Cultural hybridism is an American artform — one I mastered from an early age. You might say it was my destiny. My birth story began at a Passover sedar and ended a mere 48 hours later on Easter Sunday. My parents, both New Yorkers, raised me in Cincinnati, Ohio, where I learned to love knishes and Skyline chili in equal measure; I attended mostly black public schools, spent Sunday mornings at Hebrew school and Thursday nights at Irish dance classes; and come December, we’d celebrate Hanukkah and Christmas, and sometimes even Kwanza.
It never struck me as odd. Or contradictory.
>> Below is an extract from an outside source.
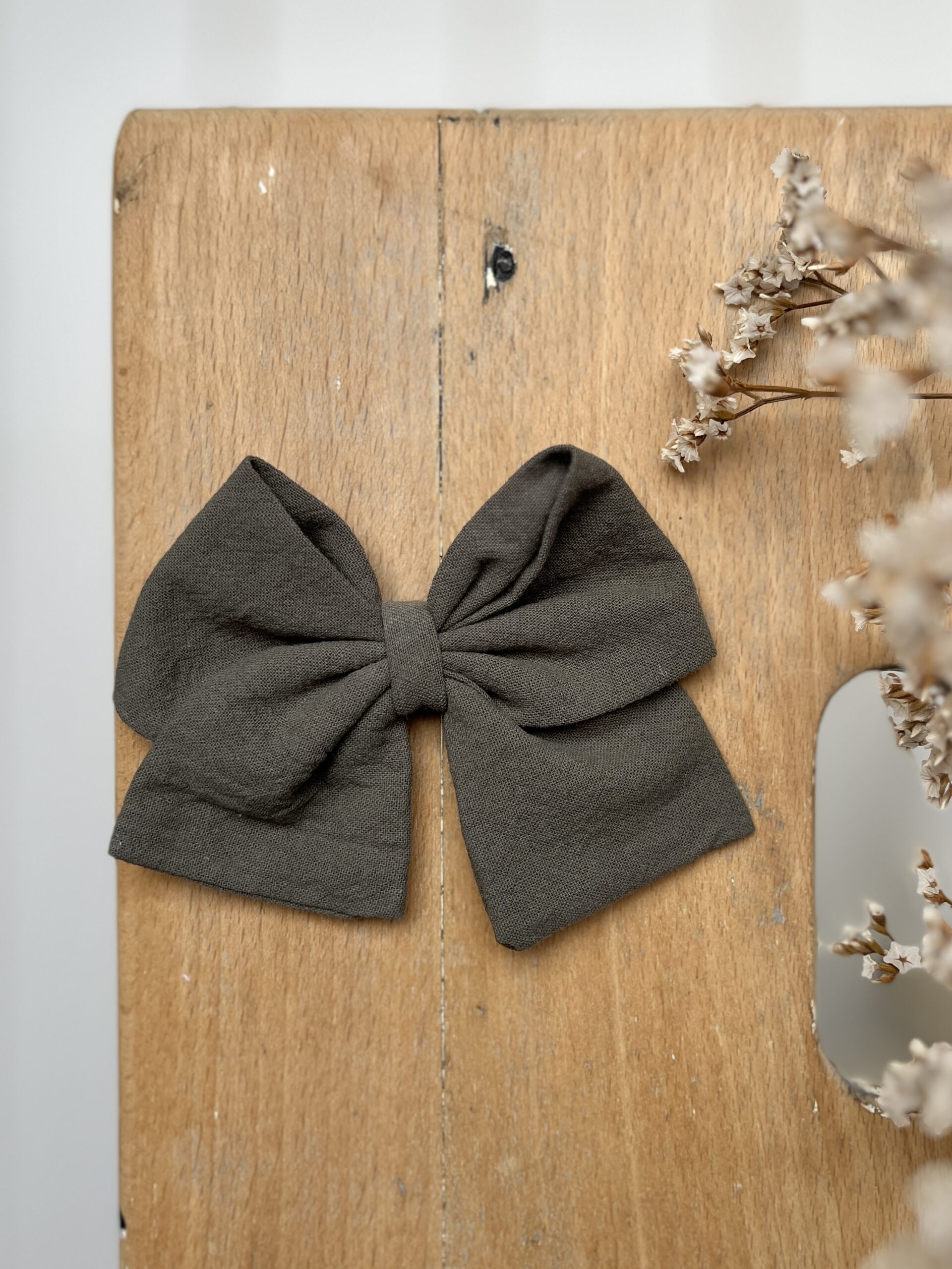 La barrette à gros nœud Brunette kaki

To be perfectly honest, it wasn’t until I met my husband, and saw it through his eyes, that I finally realized that many people think Judaism and Christmas are mutually exclusive. Maybe that’s because Christmas was such a secular affair in my house. I realize now that it was no coincidence that my father, who used to tell me he had excommunicated himself from the Catholic Church, called it Xmas. As fiercely as my father rejected the religious and institutional tenets of Catholicism, and enthusiastically embraced my mother’s Jewish heritage, he loved Christmas — I mean really, deeply, viscerally loved it. The music. The decorating. The cooking. The entertaining. The giving. The storytelling. The big family gatherings. These were the things he loved most all year round, but when Christmas came, he had an excuse to go all out — and that’s exactly what he did.
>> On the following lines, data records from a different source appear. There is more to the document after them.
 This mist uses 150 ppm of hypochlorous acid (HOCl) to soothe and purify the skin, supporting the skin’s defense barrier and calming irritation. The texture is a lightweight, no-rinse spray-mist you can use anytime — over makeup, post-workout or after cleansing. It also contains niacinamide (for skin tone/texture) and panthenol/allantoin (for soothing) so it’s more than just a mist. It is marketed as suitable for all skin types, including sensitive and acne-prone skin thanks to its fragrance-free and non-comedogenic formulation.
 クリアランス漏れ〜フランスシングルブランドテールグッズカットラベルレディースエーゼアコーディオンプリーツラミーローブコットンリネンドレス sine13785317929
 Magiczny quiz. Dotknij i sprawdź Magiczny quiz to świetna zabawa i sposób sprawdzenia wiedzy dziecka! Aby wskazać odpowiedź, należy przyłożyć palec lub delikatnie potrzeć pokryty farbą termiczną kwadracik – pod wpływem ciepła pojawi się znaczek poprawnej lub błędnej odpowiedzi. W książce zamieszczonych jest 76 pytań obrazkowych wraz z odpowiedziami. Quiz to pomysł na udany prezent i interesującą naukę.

My dad prided himself on having the most eclectic Christmas music collection anyone had ever seen; on stocking the house with enough food and drink to host an unlimited number of visitors and well-wishers over the course of a few weeks; on finding the absolute best gift for everyone, including presents from Santa, wrapped in special Santa paper he must have been stockpiling — it was the same paper every year, for more than ten years.
So for us, as big of a deal as Christmas was, it was unequivocally secular — more like Thanksgiving with presents. It didn’t hurt that my Jewish mom had also grown up with secular Christmas. Hanukkah was our religious winter holiday, and even that took on its own hybrid character as we adapted it to our family and made it our own. Somehow it became a tradition to spend one night of Hanukkah at my Irish Catholic grandmother’s house, eating frozen latkes and decorating her Christmas tree.
These days, Judaism is a much bigger part of my life than it was when I was growing up. My husband and I had a traditionally Jewish wedding. We celebrate Shabbat, build a Sukkah in our backyard each year, and don’t cook pork or shellfish in our home. So you can imagine the cognitive dissonance many people experience when December rolls around and they hear me excitedly planning to decorate my Christmas tree. It’s certainly been a difficult adjustment for my husband, who takes the mitzvah of keeping a Jewish home very seriously. He, too, comes from a hybrid family — Jews and Italians, who can all agree on food, if nothing else — but their approach was quite different from ours. His mom gave up Christmas when she converted to Judaism in the late 1970s, and in their family, December 25 is a day for Chinese food and the movies.
The truth is, going all out on holidays — not just Christmas, but Halloween, St. Patrick’s Day, Thanksgiving, and all the rest — is one of the primary ways I stay connected with my dad and honor his legacy. Making a big deal out of showering your friends and family with love, gifts, meticulously prepared meals — it’s something he reveled in and excelled at. I learned from the master, and I aim to get a little better at it every year. I want my son to watch me at Christmas, just as we watched my dad, and see me experience uninhibited joy. I can’t say for sure whether he’ll grow up to be a Christmas Jew like me, and my mother before me, but I hope at the very least he’ll learn that giving can bring you infinitely more happiness than receiving, and that celebration for celebration’s sake can be a truly wonderful thing.